Los nombres de los ahogados
Cuando se ha sido -lo sigue siendo- tan crítico literario como lo ha sido Miguel García-Posada -lo sigue siendo- pase que se decidiera a escribir sus memorias, La quencia, en tres volúmenes, y las publicó hace unos pocos años Península, unas memorias literarias muy interesantes poco complacientes, en muchos casos, con los demás, pero tampoco consigo mismo.
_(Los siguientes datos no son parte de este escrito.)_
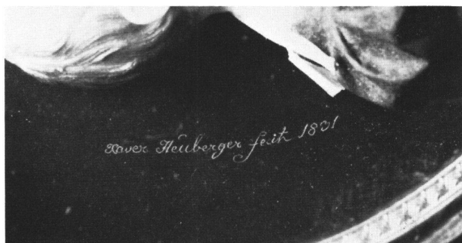
Abb. 21 Signatur von Franz Xaver Heuberger (Werkverzeichnis Nr. 9). Schweizerisches Landesmuseum, Zürich.

Signiert: Anton Heuberger fecit 1821 Brustbild, Profil, ein um die Schulter geschwungenes rotes Tuch bildet unten den Abschluß Rahmen rund, Dm. 9,5 cm Lit.: ПУКЕ, S. 67, Abb. 133 Städtisches Reiss-Museum, Mannheim, Vb 140
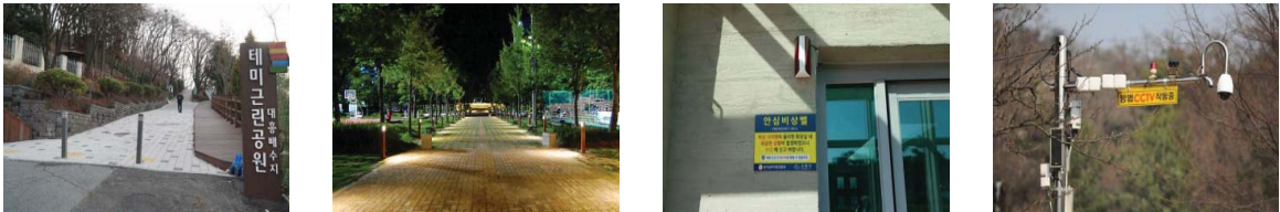
그림 3. 공원·녹지 가이드라인 (차량진입 방지시설, 야간 안전 조명, 비상벨 설치, CCTV 설치)
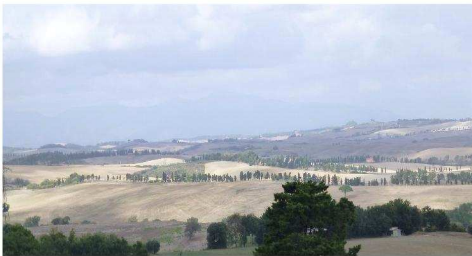
Fig. 2 – Filari alberati in cresta alle colline delle valli Riardo e Sanguigna
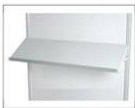
F15 斜搁板 L990×W310
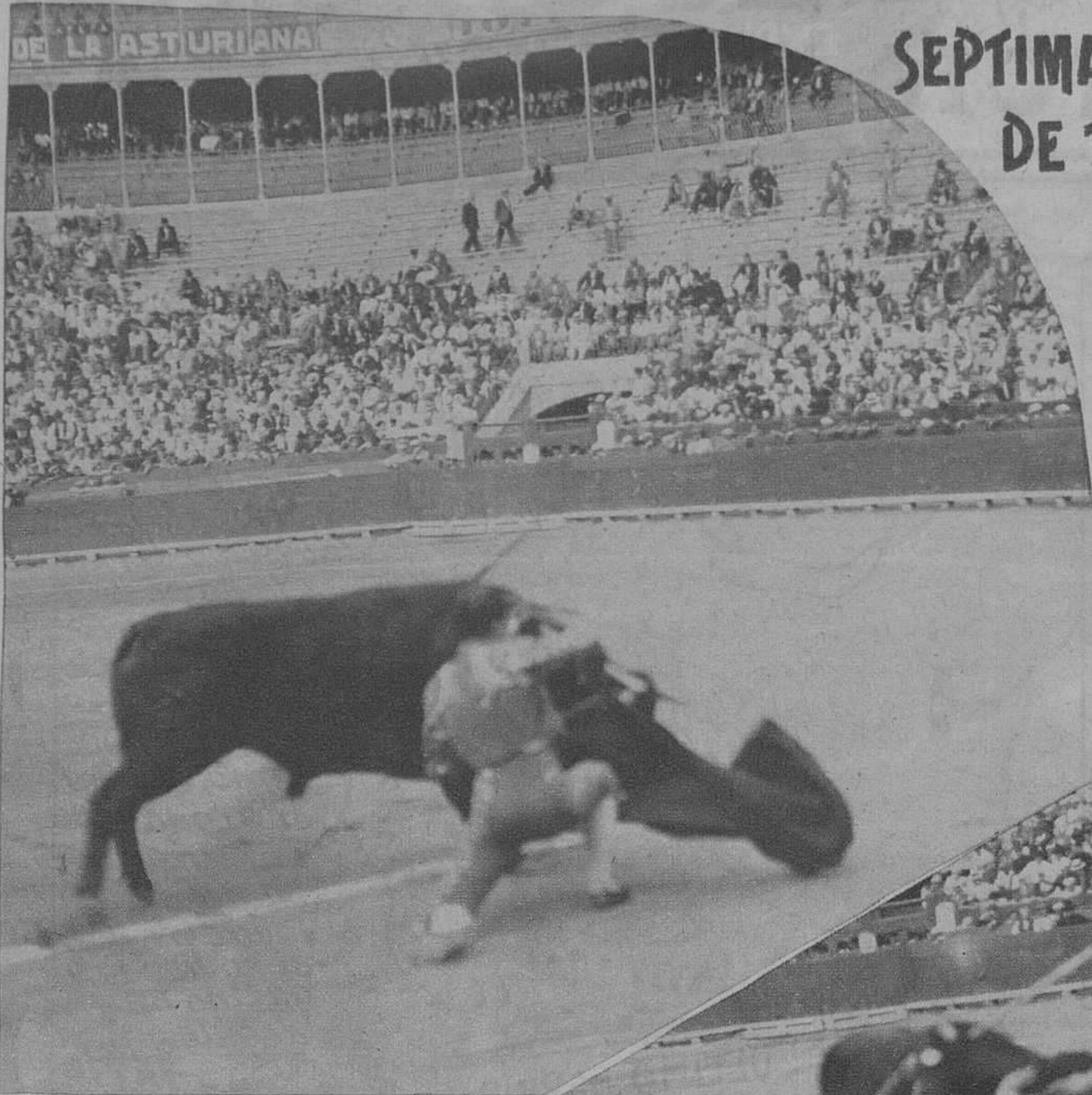
Un rodillazo de Chicuelo a su primero.
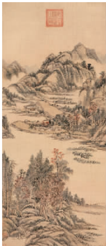
北京盈时2012秋拍拍品王原祁《秋林远黛图》

马学东认为,市场不明朗的情形下,卖家比买家更为谨慎,在好的作品惜售时使拍卖公司征集难度加大。西沐也表示了相似的观点,艺术品持有者对艺术品价格的预期很高,可是市场中大量的进场资金在观望,目前出现一种僵持状态,“惜售”与“惜买”之间在博弈,这致使艺术品市场陷入了僵局。
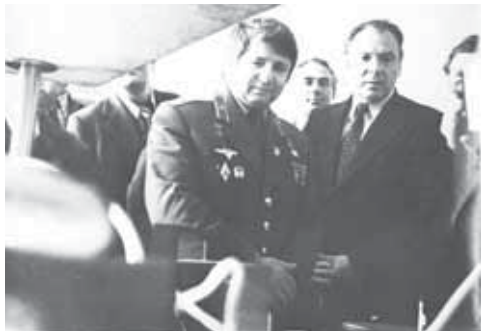
Ю. Глазков на заводе СКЭП

Цель масштабного исследования – оценить потенциал традиционных кавказских микроорганизмов для поддержания здоровья космонавтов в ходе длительных полётов. Учёные из Кабардино-Балкарского государственного университета им. Х. М. Бербекова, Института медико-биологических проблем РАН, Северо-Кавказской государственной академии и Института развития биотехнологий проверят, изменились ли генотип и фенотип грибов и сохранили ли они способность восстанавливать микрофлору кишечника в экстремальных условиях космоса.
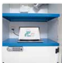
Casier équipé d'une prise
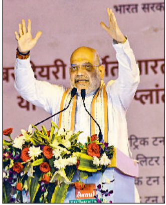
हरिभूमि न्यूज | रोहतक

वर्ष 2014 की तुलना में डेयरी क्षेत्र में विकास 86 प्रतिशत से बढ़कर 120 प्रतिशत तक पहुंचा
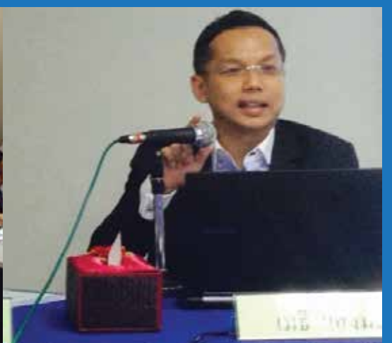
✍️ วิทยาการบรรยายให้กับผู้บริหารและเจ้าหน้าที่กรมสรรพากร ภาค 4
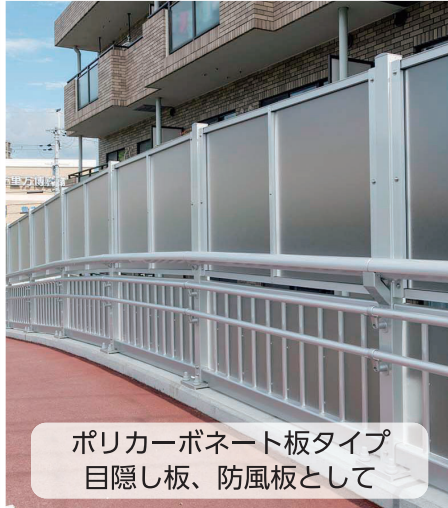
ポリカーボネート板タイプ 目隠し板、防風板として
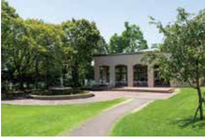
噴水のある広場(第3学生ホール前)

Otra cosa es tentar la suerte con la novela, ahí te querían ver, algunos, deudos, damnificados, agraviados, memoriosos. Tiremos alto, para empezar; ya le pasó a Clarín, el de los paliques, que se hizo, además, novelista. Dejó, eso sí, La Regenta, que pocos alcanzan; entraron, algunos, a degüello, el alguacil, alguacilado, etcétera.
LA SANGRE OSCURA
Miguel García-Posada
Algaida. Sevilla, 2006
212 páginas. 18,65 euros
En el índice onomástico de las memorias de García-Posada no aparece un nombre, el de Jesús Amián, un compañero sevillano de facultad, parrandas, amoríos y utopías políticas, allá a finales de los años sesenta, del protagonista de esta novela. Y, sin embargo, creo haber entrevisto su sombra -"con dignidad murió. Su sombra cruza", es un verso de Aleixandre, se lo tomo prestado a García-Posada, y también éstos de García Lorca, "... el mar recordó ¡de pronto! / los nombres de todos sus ahogados"-. Sí, creo que asoma, digo, su sombra en más de una esquina del segundo volumen, por ejemplo, Cuando el aire no es nuestro.
Y cabe pensar, fuese quien fuese, realmente, este ficticio Jesús Amián -¿no mueren siempre jóvenes los elegidos de los dioses?-, que de aquellas páginas memorísticas ha surgido esta novela, que mira hacia atrás sin ira, pero también sin melancolía. El protagonista de esta narración, tan poco complaciente, tampoco ésta, con un pasado reciente, aquellos años tristes y grises del tardofranquismo, vuelve a su ciudad a dar una conferencia y el pasado le estalla entre las cuartillas: qué fue de Amián, aquel elegido por los dioses, quien se paró en seco, en plena juventud, Moisés lúcido que descubre desde un mirador, que no desde un merendero, que abajo no hay tierra prometida ni secarral que se le parezca, y decide cortar por lo sano: cada generación tiene sus suicidados, y a lo mejor, a lo peor, es posible eso que dicen de que a uno siempre le suicidan los demás.
Lo cierto es que si en esa
noche de la novela, tras la conferencia, aquel joven Amián, hubiera podido asistir a esa ceremonia de la confusión -entre humos, alcohol y reproches mutuos- de esos que fueron sus amigos, amantes y camaradas, desencantados y desorejados que no logran purgarse de las hierbas tóxicas de las utopías mal digeridas, igual los pasa a todos a cuchillo o se queda, aliviado, donde estaba.
A Miguel García-Posada le ha salido, la verdad, una novela generacional -qué fue de aquellos que subrayaban aquel libro, el oficio de vivir, de Pavese, ilustre suicida, por cierto- bastante triste, bastante poco complaciente. Triste recuerdo generacional: enmendando los versos de Lorca, el mar no los recordó: los arrojó a la orilla, a todos los ahogados, náufragos de aquellas utopías. Una novela triste ésta, vaya.